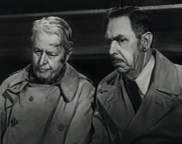 Reginald Owen (left) & Philip Tonge in the American TV-series One Step Beyond, episode The Dream - cropped screenshot
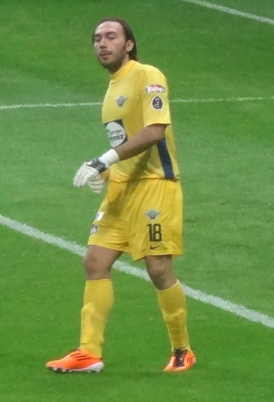 Oğuz vs Galatasaray
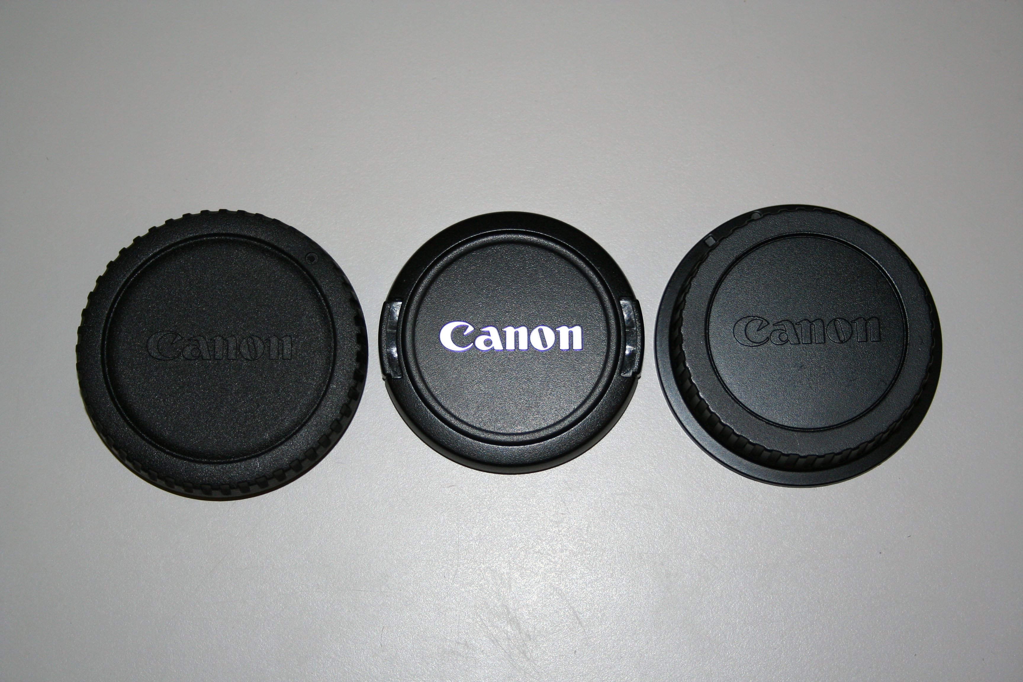 The front and rear lens covers for a Canon EF-S 18-55mm f/3.5-5.6 USM lens. From right to left: The rear lens cover, the front lens cover (58mm in diameter), and the body cover for the Canon EF/EF-S mount. The front lens cover connects by two plastic tension causing pieces that push outward to the inside of the lens filter threads.
:::
_What the task asks_: Pictures aside, please output the whole listing exactly as it appears above.

_Result of the exercise_:
 Reginald Owen (left) & Philip Tonge in the American TV-series One Step Beyond, episode The Dream - cropped screenshot
 Oğuz vs Galatasaray
 The front and rear lens covers for a Canon EF-S 18-55mm f/3.5-5.6 USM lens. From right to left: The rear lens cover, the front lens cover (58mm in diameter), and the body cover for the Canon EF/EF-S mount. The front lens cover connects by two plastic tension causing pieces that push outward to the inside of the lens filter threads.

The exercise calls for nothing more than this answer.